(openPR) Das diesjährige Motto des Weltnichtrauchertages, der seit über 20 Jahren alljährlich am 31. Mai statt findet, lautet „Lass Dich nicht anmachen!“. Die Weltgesundheitsorganisation WHO hatte diesen Tag erstmals 1987 ins Leben gerufen. Der Fokus in diesem Jahr liegt auf der Tabakwerbung bzw. der Durchsetzung eines umfassenden Tabakwerbeverbotes auch in Deutschland.
Bereits 2003 hat sich Deutschland mit der Unterzeichnung des WHO-Rahmenüberein-kommens zur Eindämmung des Tabakkonsums zur Einführung eines konsequenten Tabakwerbeverbotes verpflichtet. Nachgekommen wurde dieser Verpflichtung allerdings bisher nicht. Ziel des diesjährigen Weltnichtrauchertages ist es deshalb aufzuzeigen, dass Deutschland verpflichtet ist das umfassende Tabakwerbeverbot einzuführen um somit die Bevölkerung vor den gefährlichen Botschaften der Tabakindustrie zu schützen.
Auch der Deutschen Gesellschaft für Prävention und Anti-Aging-Medizin e.V. (GSAAM) ist es wichtig, dass die Bevölkerung über die Folgen des Rauchens umfassend aufgeklärt wird.
„Es gibt rund 19 Millionen Raucher in Deutschland. 140.000 von ihnen sterben jährlich an den Folgen des Tabakkonsums und ca. 3.400 Nichtraucher durch Passivrauchen“ so Prof.
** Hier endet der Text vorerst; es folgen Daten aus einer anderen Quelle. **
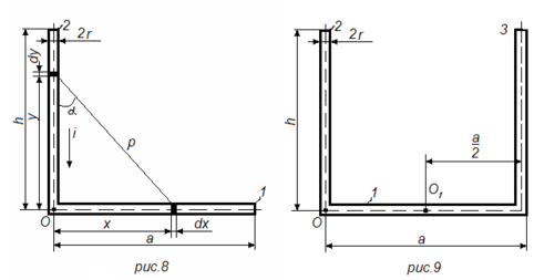 На рис. 8 и 9 приведены часто встречающиеся в аппаратах формы перпендикулярно расположенных проводников, например в рубильниках, мостиковых контактных системах и многих других аппаратах и узлах. Произведя расчеты, аналогичные предыдущим (первый метод), получим следующие выражения для сил, действующих на проводник 1 по рис.8

Kleine-Gunk, Präsident GSAAM. „ Grundlegend für die Rauchentwöhnung ist ein freiwilliger und fester Entschluss. Davon sollte einen auch nicht die Furcht vor eventuellen Nebenwirkungen, wie Ruhelosigkeit, Gewichtszunahme, Schlafstörungen oder Entzugserscheinungen abhalten. Mit der richtigen Methode gelingt es jedem, mit dem Rauchen aufzuhören“ so Kleine-Gunk weiter.
Die Akupunktur ist dazu eine Methode, die in den letzten Jahren aufkam und auch vermehrt eingesetzt wird. Feine Nadeln werden dem Raucher dabei in die „Anti-Suchtpunkte“ – sie befinden sich hauptsächlich an den Ohren – gestochen. Dadurch soll die Suchtintensität sowie die Entzugssymptomatik gelindert und die Rückfallgefahr vermindert werden..
Studien fanden heraus, dass die „Schlusspunkt-Methode“ aufgrund ihrer Effektivität und besonderen Wirkung von den meisten Rauchern für die Entwöhnung bevorzugt wird. Es wird ein festes Datum bestimmt, an dem mit dem das Rauchen aufgegeben wird. Diese Entscheidung sollte dem engen Umfeld wie Familie, Freunden und Kollegen mitgeteilt werden, um weiteren Zigarettenangeboten zu entgehen. Zusätzlich hat sich bewährt, dass
vor allem in der ersten Entwöhnungsphase Gewohnheiten, die mit dem Rauchen einhergingen verändert werden.
Wer nach und nach mit dem Rauchen aufhören will, sollte damit anfangen die tägliche Nikotindosis systematisch zu reduzieren. Somit vermindert sich die Nikotinabhängigkeit langsam und erleichtert das endgültige Aufhören. Hilfsmittel wie z.B. Nikotinersatzprodukte, Obst, Gemüse, Bücher oder CDs ermöglichen dem Raucher in typischen Situationen, wie z.B. beim typischen Griff nach der Zigarette, darauf zu verzichten und vereinfachen auch die psychische Entwöhnung. Diese Techniken für den leichteren Umgang mit der psychischen Entwöhnung kann man in speziellen Nichtraucherkursen erlernen. Der Austausch mit Gleichgesinnten – man unterstützt sich gegenseitig und geht Probleme gemeinschaftlich an – hilft auch schon oft bei der Rauchentwöhnung.
Die aktive Entwöhnungsphase dauert etwa sechs Monate. Darauf folgt die sogenannte Enthaltungsphase, in der es ehemaligen Rauchern nur noch geringe Mühe an Überwindung kostet, nicht zur Zigarette zu greifen. Nach ungefähr fünf Jahren bleiben die meisten dauerhafte Nichtraucher und werden nicht mehr rückfällig.